▶ _Assignment_
Please repeat every record exactly, leaving out any pictures.

▶ _Extracted entries_
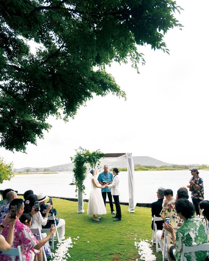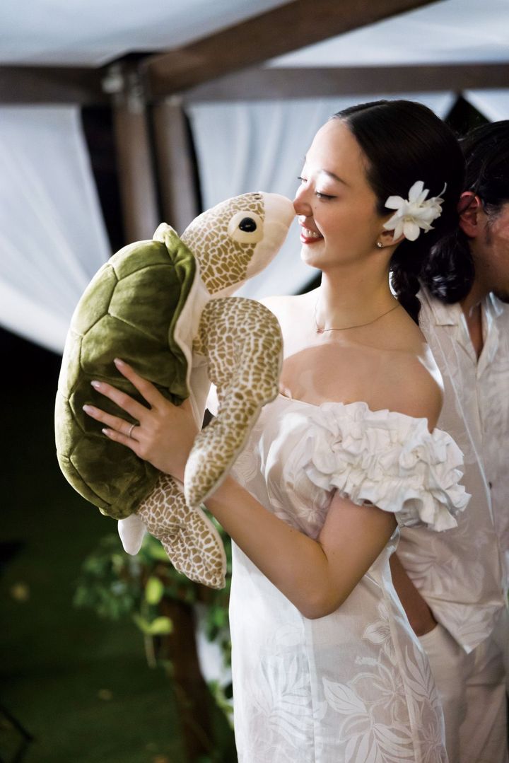 花:10日間ハワイに滞在し、各家族と式当日を振り返り余韻を味わえたのもよかったです。結婚式を経験してみて、カタチにする、ふたりでその作業をするということが、こんなにも大事だと身をもって知りました。もちろん結婚式では華やかな装いを楽しめるのは確かですが、きれいなドレスを着るだけの日じゃなかったと気づくはず。結婚して5年後でも10年後でも、いつでも、何度でも。結婚式は絆が深まる特別な時間です。
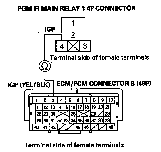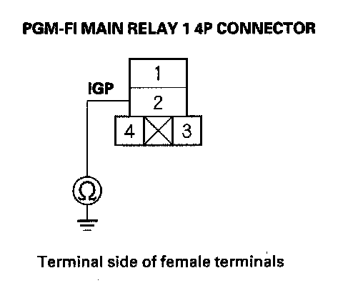 43. Check for continuity between PGM-FI main relay 1 4P connector terminal No. 2 and body ground.
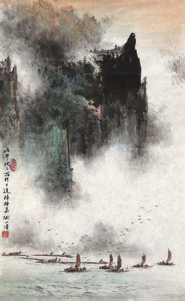 自幼学画起自临摹,以两宋名作为范本,参考元、明、清诸名家,鉴于北宗有笔而渲染稍差,尝以南宗弥补,融南北二宗山水于一炉,以造化为师又不断从现实生活中吸取创作素材,并取西洋画之优点,丰富表现内容,努力做到古为今用,洋为中用,主次分明。
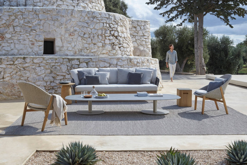 Le tapis Loft de Tribù Studio produit par la même entreprise belge de mobilier d'extérieur Tribù, est fait en polyester enduit de PVC, résistant au soleil et à la pluie et extrêmement durable, sans négliger cependant la douceur et l'aspect naturel. Ce tapis est disponible en White, Wengè et Linen et est parfait pour donner continuité aux différents compléments de design de la zone de vie en plein air.
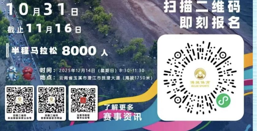 温馨提示:微信搜索公众号【昆明本地宝】,关注后在对话框回复【抚仙湖马拉松】可获2025年玉溪抚仙湖半程马拉松报名入口/时间、官网网址、中签公布查询入口/时间、竞赛时间/地点、志愿者招募等指南;
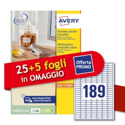Etichette bianche rimovibili Avery laser/inkjet 189 et./foglio conf.25+5 ff OMAGGIO 25,4x10 mm - L4731REV30P
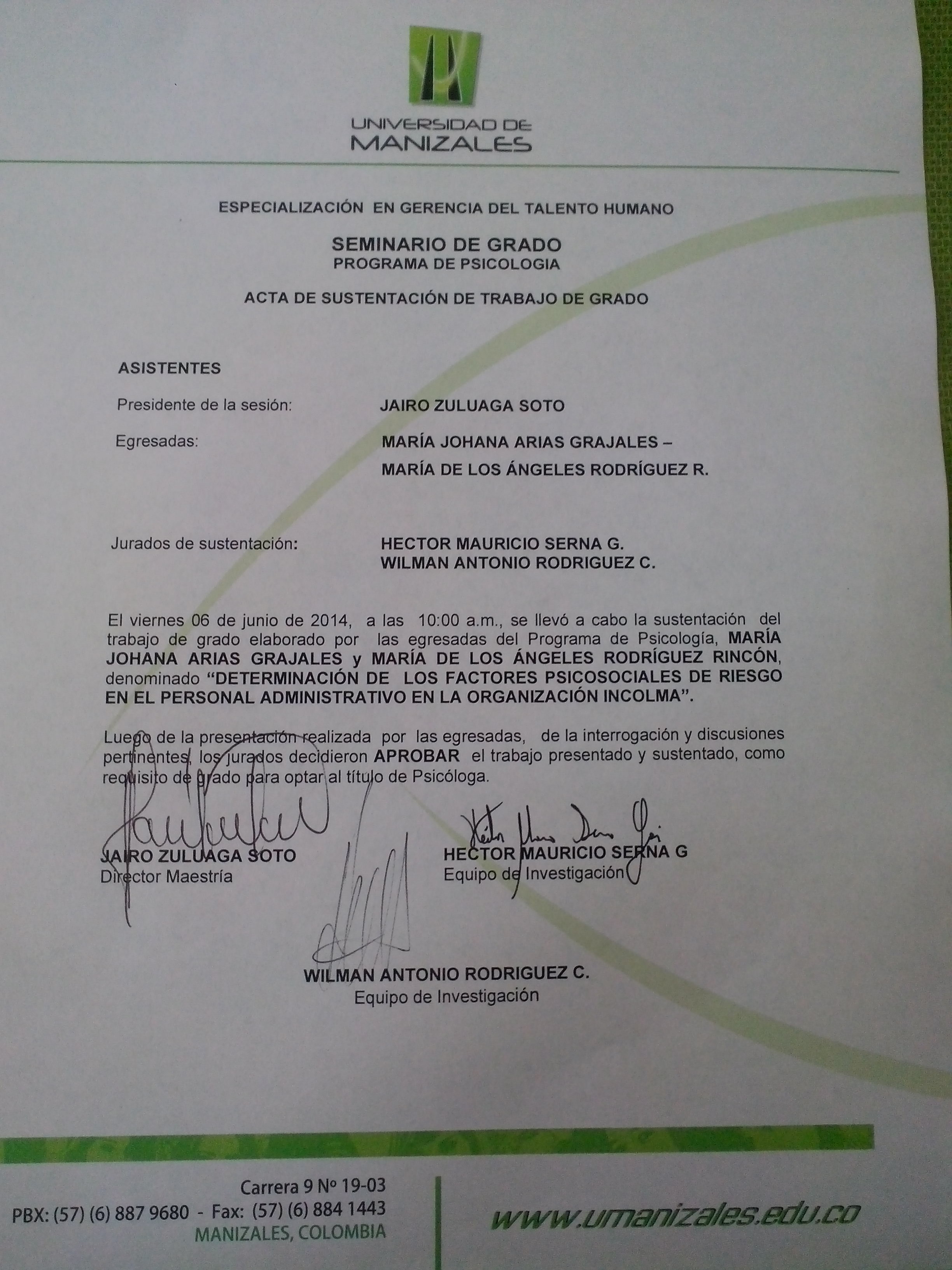 Determinación de los factores psicosociales de riesgo en el personal administrativo en la organización Incolma

▶ _Response to the exercise_
 花:10日間ハワイに滞在し、各家族と式当日を振り返り余韻を味わえたのもよかったです。結婚式を経験してみて、カタチにする、ふたりでその作業をするということが、こんなにも大事だと身をもって知りました。もちろん結婚式では華やかな装いを楽しめるのは確かですが、きれいなドレスを着るだけの日じゃなかったと気づくはず。結婚して5年後でも10年後でも、いつでも、何度でも。結婚式は絆が深まる特別な時間です。
 43. Check for continuity between PGM-FI main relay 1 4P connector terminal No. 2 and body ground.
 自幼学画起自临摹,以两宋名作为范本,参考元、明、清诸名家,鉴于北宗有笔而渲染稍差,尝以南宗弥补,融南北二宗山水于一炉,以造化为师又不断从现实生活中吸取创作素材,并取西洋画之优点,丰富表现内容,努力做到古为今用,洋为中用,主次分明。
 Le tapis Loft de Tribù Studio produit par la même entreprise belge de mobilier d'extérieur Tribù, est fait en polyester enduit de PVC, résistant au soleil et à la pluie et extrêmement durable, sans négliger cependant la douceur et l'aspect naturel. Ce tapis est disponible en White, Wengè et Linen et est parfait pour donner continuité aux différents compléments de design de la zone de vie en plein air.
 温馨提示:微信搜索公众号【昆明本地宝】,关注后在对话框回复【抚仙湖马拉松】可获2025年玉溪抚仙湖半程马拉松报名入口/时间、官网网址、中签公布查询入口/时间、竞赛时间/地点、志愿者招募等指南;
Etichette bianche rimovibili Avery laser/inkjet 189 et./foglio conf.25+5 ff OMAGGIO 25,4x10 mm - L4731REV30P
 Determinación de los factores psicosociales de riesgo en el personal administrativo en la organización Incolma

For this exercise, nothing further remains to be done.